▶ Brief
Starting at the line that contains "Personalized Large Wooden" and stopping at the line that contains "Features: l Far-beam, floodlight, burst", transcribe every line of the material below exactly; pictures stay out.

▶ Information
◇ ◇ ◇ ◇
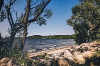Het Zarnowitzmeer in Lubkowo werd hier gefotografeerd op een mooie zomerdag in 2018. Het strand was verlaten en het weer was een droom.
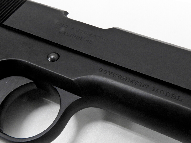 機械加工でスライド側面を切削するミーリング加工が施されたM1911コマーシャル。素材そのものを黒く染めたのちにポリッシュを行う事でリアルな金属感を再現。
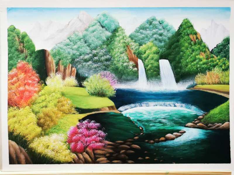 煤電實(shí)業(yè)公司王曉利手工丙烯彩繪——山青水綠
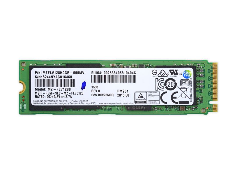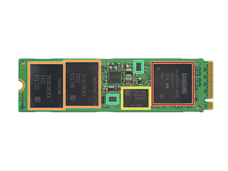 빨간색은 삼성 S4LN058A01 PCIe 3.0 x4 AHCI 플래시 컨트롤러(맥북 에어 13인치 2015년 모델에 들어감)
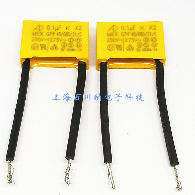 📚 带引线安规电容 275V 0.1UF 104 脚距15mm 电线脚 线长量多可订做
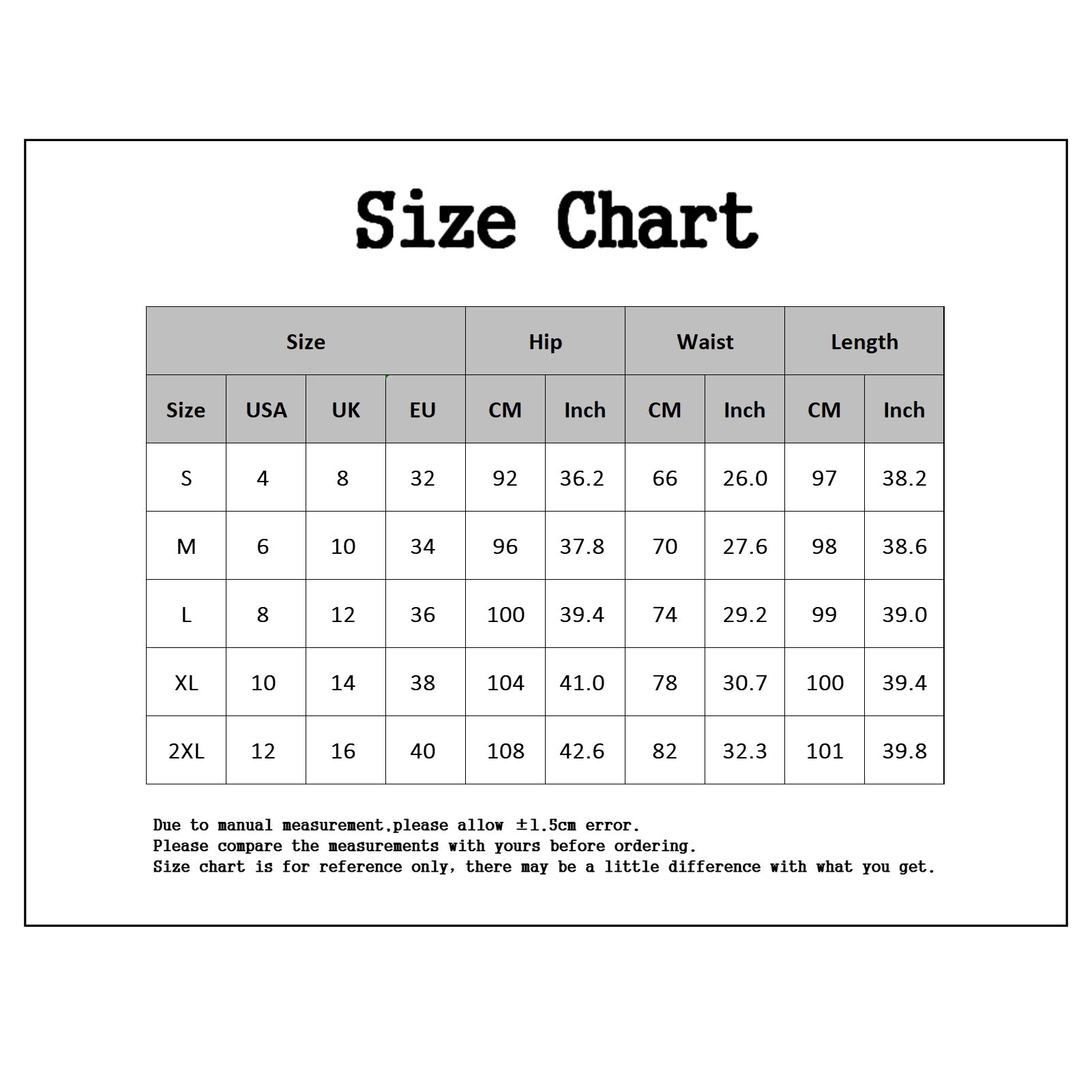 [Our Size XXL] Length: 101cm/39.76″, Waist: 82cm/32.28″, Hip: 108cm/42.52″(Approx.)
◇ ◇ ◇ ◇
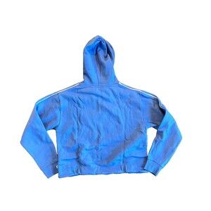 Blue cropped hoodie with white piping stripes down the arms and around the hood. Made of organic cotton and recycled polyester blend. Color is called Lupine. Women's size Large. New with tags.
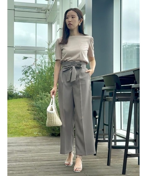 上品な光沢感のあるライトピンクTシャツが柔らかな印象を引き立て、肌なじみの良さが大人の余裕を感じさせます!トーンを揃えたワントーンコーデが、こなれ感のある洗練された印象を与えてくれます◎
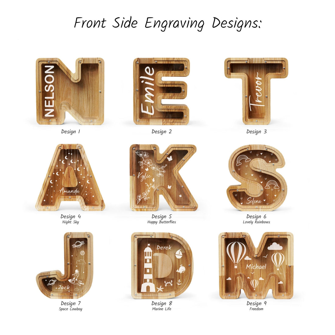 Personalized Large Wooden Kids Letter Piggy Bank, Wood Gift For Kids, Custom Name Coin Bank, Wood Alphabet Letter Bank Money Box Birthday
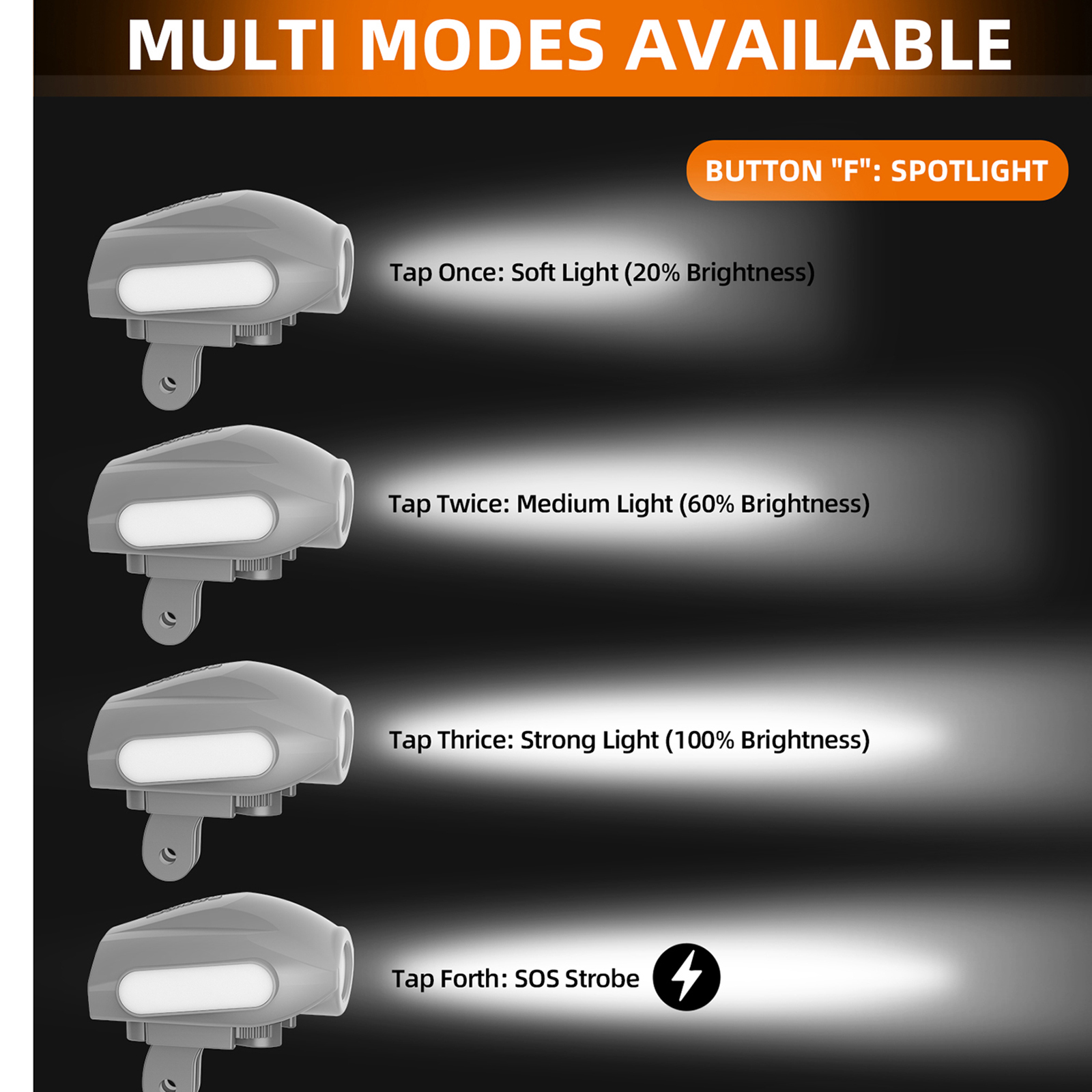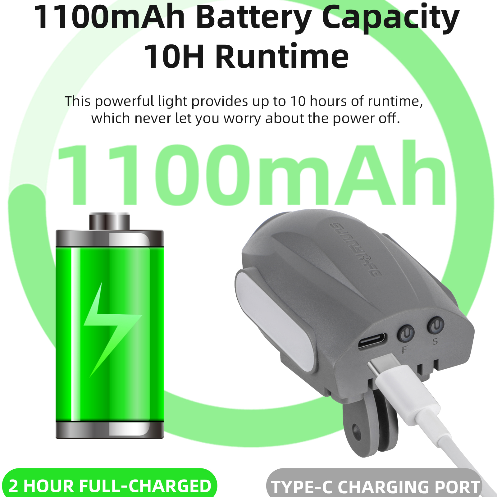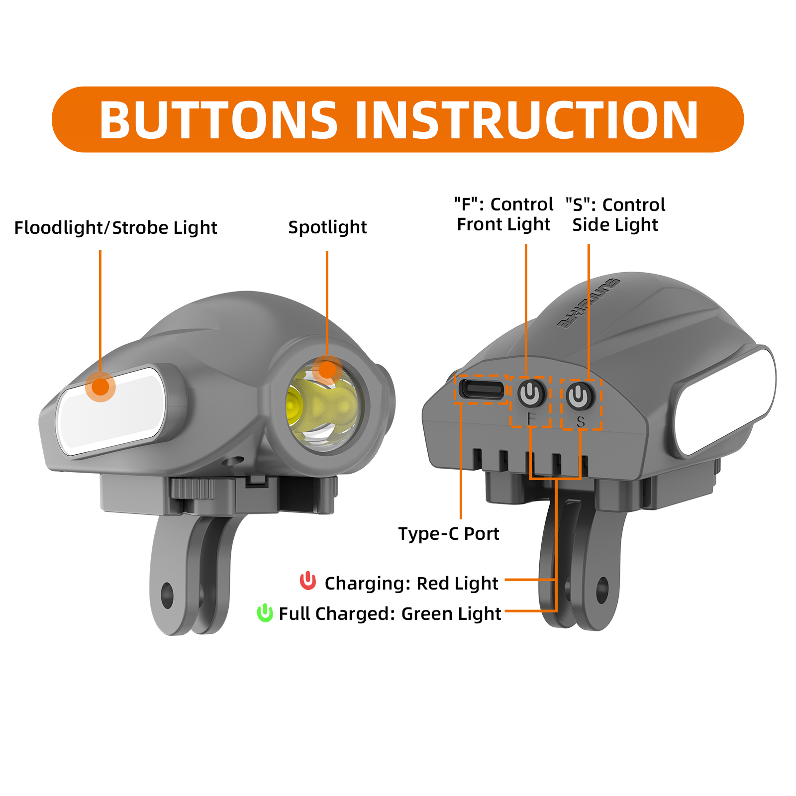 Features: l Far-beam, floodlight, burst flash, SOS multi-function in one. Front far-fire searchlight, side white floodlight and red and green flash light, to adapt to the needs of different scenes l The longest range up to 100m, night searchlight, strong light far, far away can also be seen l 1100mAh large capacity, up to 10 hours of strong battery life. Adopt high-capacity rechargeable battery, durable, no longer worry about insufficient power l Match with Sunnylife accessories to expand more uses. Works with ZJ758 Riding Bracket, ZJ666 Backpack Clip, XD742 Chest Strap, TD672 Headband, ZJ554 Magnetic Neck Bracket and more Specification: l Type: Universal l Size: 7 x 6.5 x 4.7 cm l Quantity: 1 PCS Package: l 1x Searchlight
◇ ◇ ◇ ◇
▶ Response to this task
 Personalized Large Wooden Kids Letter Piggy Bank, Wood Gift For Kids, Custom Name Coin Bank, Wood Alphabet Letter Bank Money Box Birthday
 Features: l Far-beam, floodlight, burst flash, SOS multi-function in one. Front far-fire searchlight, side white floodlight and red and green flash light, to adapt to the needs of different scenes l The longest range up to 100m, night searchlight, strong light far, far away can also be seen l 1100mAh large capacity, up to 10 hours of strong battery life. Adopt high-capacity rechargeable battery, durable, no longer worry about insufficient power l Match with Sunnylife accessories to expand more uses. Works with ZJ758 Riding Bracket, ZJ666 Backpack Clip, XD742 Chest Strap, TD672 Headband, ZJ554 Magnetic Neck Bracket and more Specification: l Type: Universal l Size: 7 x 6.5 x 4.7 cm l Quantity: 1 PCS Package: l 1x Searchlight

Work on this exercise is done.